Eine von der Bürgerinitiative „Lebenswertes Rübenach e.V.“ gestiftete und aufgestellte Bank oberhalb der A 48 wurde von unbekannten Tätern vollständig zerstört. Es war dies ein beliebter Ruheplatz für Bürger, die mit ihren Hunden hier gern spazieren gehen. Die Bank stand dort seit 2008 und wurde von den Mitgliedern der BI regelmäßig gewartet. Es ist nicht zu verstehen warum die ehrenamtlichen Bemühungen der BI für ein „lebenswertes“ Rübenach so wenig geachtet werden.
Aber damit nicht genug: Eine weitere Bank, die auf dem Pfad zwischen der Grundschule Rübenach und der benachbarten Kindertagesstätte stand, ging restlos in Flammen auf.
Anwohner bestätigen, dass es gerade in diesem Bereich oft zu Ansammlung von Jugendlichen kommt und Brände dort keine Seltenheit sind. Ein Anwohner sagte: „Gut dass die Grundschule eine feuerfeste Fassade hat, sonst wäre die Schule wohl auch schon abgebrannt“.
Andere Anwohner äußern ihre Angst, in der Dunkelheit dort durch zu gehen und nehmen lieber Umwege in Kauf.

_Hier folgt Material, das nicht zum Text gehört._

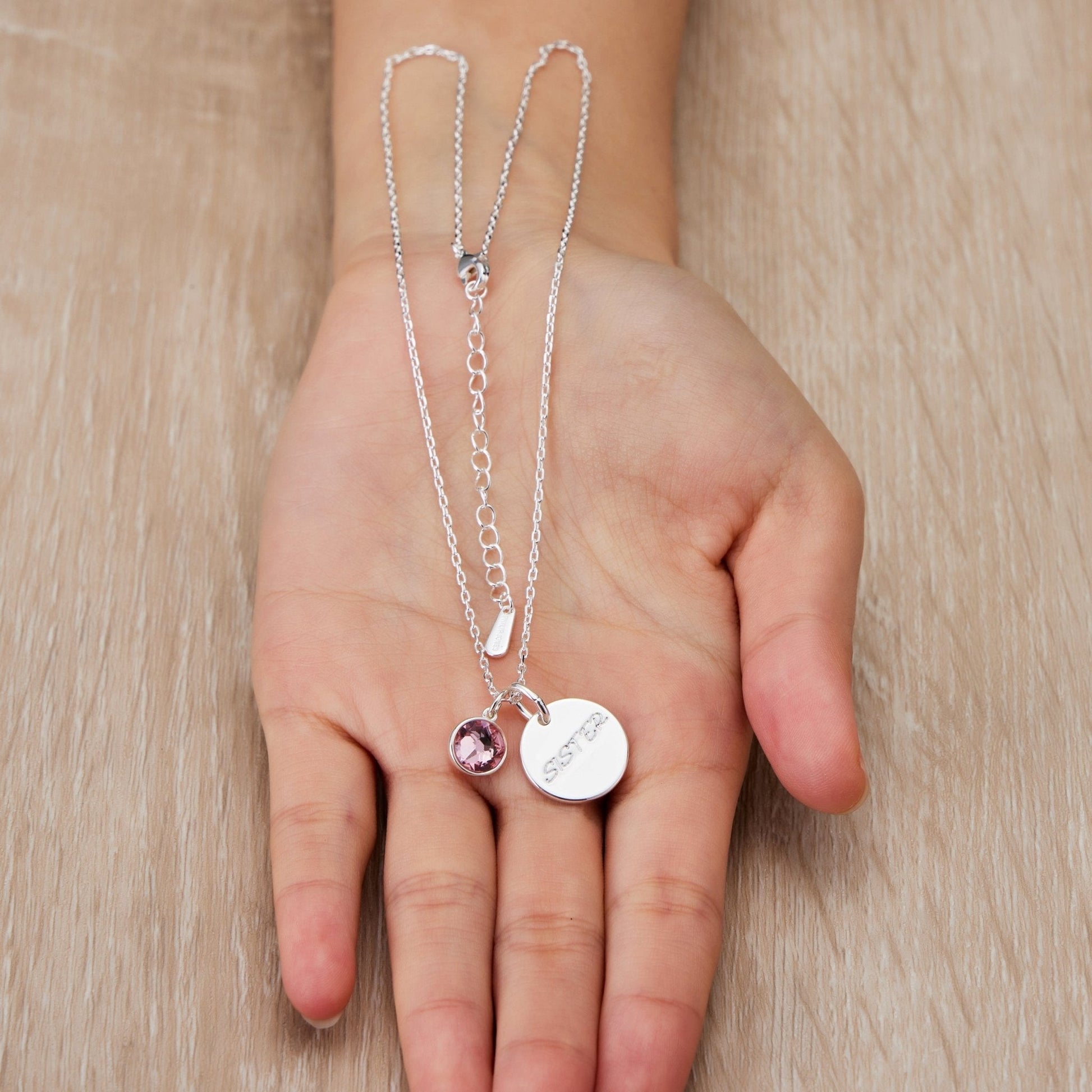 Celebrate a special sister bond with the Philip Jones Sister Birthstone Necklace. Crafted from durable silver-plated brass alloy and featuring shimmering Zircondia® crystals, this pendant-style necklace has a 14mm (H) x 8.5mm (W) pendant and a 43cm + 5cm extender chain for a perfect fit. Its lobster claw closure ensures a secure wear, and its 2.58g initial pendant make it a timeless accessory.

Alles das bestätigt die Aussage des statistischen Amtes der Stadt Koblenz. die im Bürgerpanel 2019 zum Thema Sicherhit ermittelt wurde. Es ist leider so, dass viele Rübenacher Bürger das Gefühl haben, von der Stadt Koblenz vernachlässigt zu werden.
Pressemitteilung der
BI „Lebenswertes Rübenach“
Diese Bank ging in Flammen auf.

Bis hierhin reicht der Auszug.